A Microbial Platform for Recyclable Plastics with Customizable Properties

Abstract Plastics have played a crucial role in shaping the modern era. However, they are produced almost exclusively from non-renewable feedstocks and face considerable challenges in recycling, especially crosslinked polymers used in consumer electronics, building materials, automotive parts, and aerospace composites1–3. Here, we integrate computational materials design, polymer chemistry, synthetic biology, and systems analysis into a workflow to accelerate the design of biorenewable polydiketoenamines (bioPDKs) with tailored properties and circularity through molecular engineering of their monomers, which are derived from β-keto-δ-lactones (BKDLs).
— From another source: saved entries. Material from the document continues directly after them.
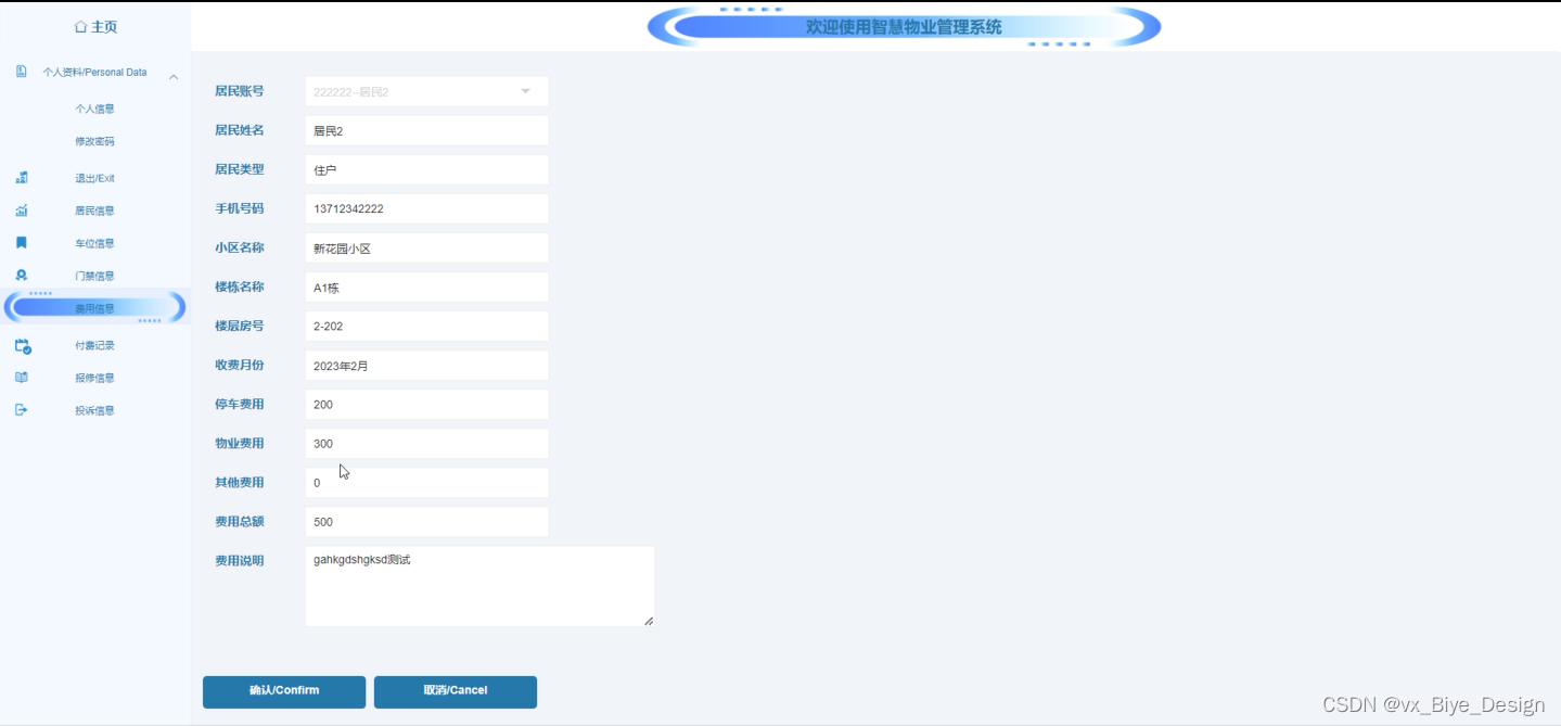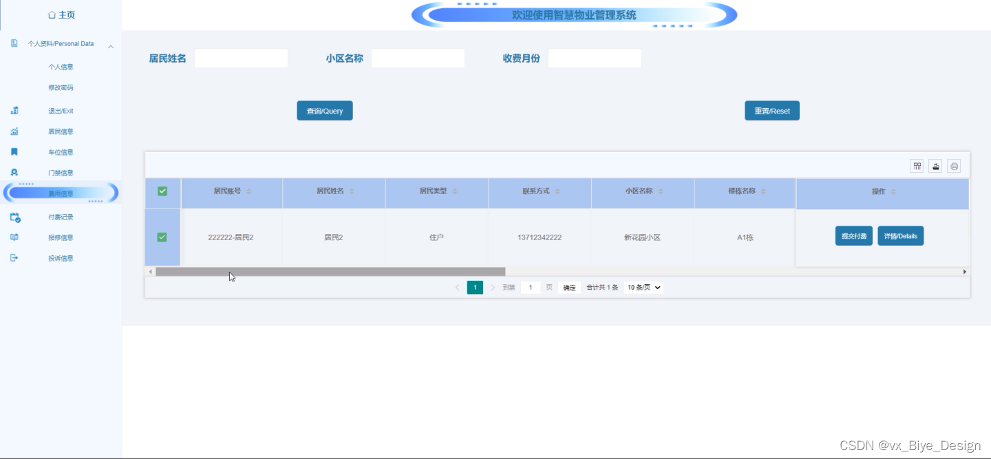 费用信息,居民在此页面可以查看自己的所有的费用信息,可进行提交付费操作,如图5-12 5-12-1所示。
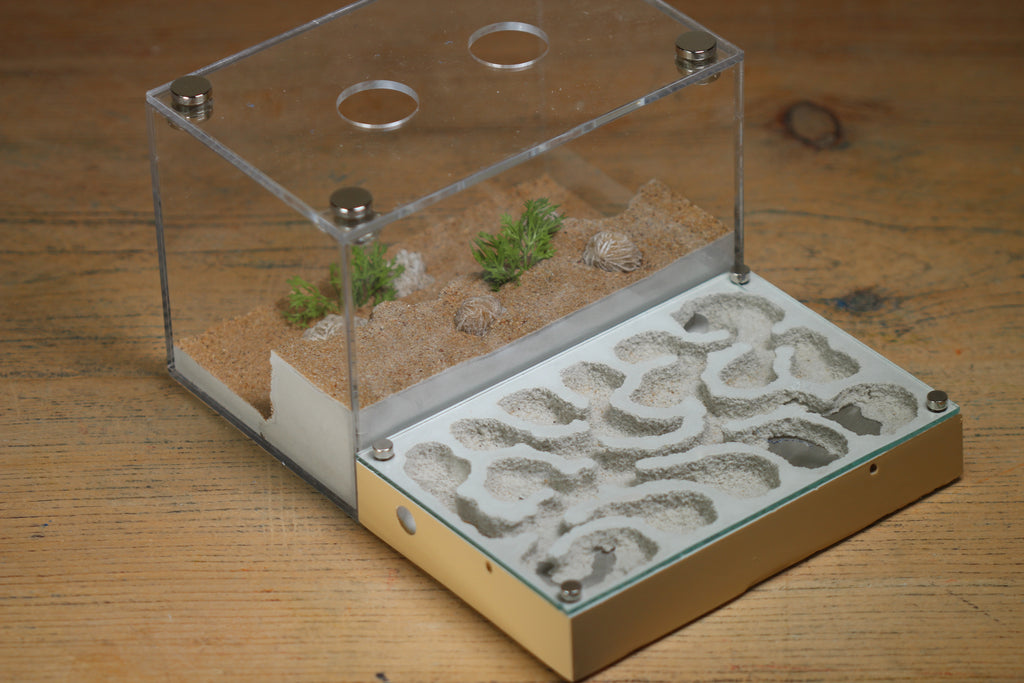 This smaller version of the Labyrinth formicarium. The Mini Labyrinth formicarium is a 4"x6" (100mmx150mm) formicarium attached magnetically (as well as by a small vinyl tubing insert) to the accompanying foraging area. The nest is completely removable from the foraging area for easy maintenance.
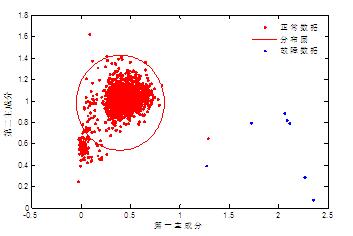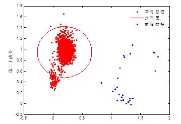 由圖2-4到圖2-6可以看出,在三個(gè)轉(zhuǎn)速范圍,故障數(shù)據(jù)的PCA降維結(jié)果與正常數(shù)據(jù)降維結(jié)果的分布有很大的差別,故障數(shù)據(jù)降維后的散點(diǎn)都落在分布圓外,可以實(shí)現(xiàn)正常數(shù)據(jù)與故障數(shù)據(jù)的分類。因此,結(jié)合PCA降維技術(shù),考慮風(fēng)電運(yùn)行工況,對(duì)風(fēng)電振動(dòng)數(shù)據(jù)進(jìn)行融合,獲得散點(diǎn)分布圓,可以有效的實(shí)現(xiàn)風(fēng)電設(shè)備的狀態(tài)監(jiān)測(cè)和故障診斷。

Our approach leverages the modular assembly of hybrid polyketide synthases (PKSs) to enable the biosynthesis of BKDLs with diverse substituents at the γ- and δ-positions with defined stereochemistry. We exploit these features to tailor bioPDK hydrophobicity and depolymerization temperature in aqueous acid, which would be nearly impossible to do at scale using synthetic chemistry. In specific designs, we observe increases in bioPDK acidolysis above thresholds for comparable PDK materials derived from petrochemicals, which has implications for mixed-plastic and composite recycling, solvent and chemical resistance, and degradation.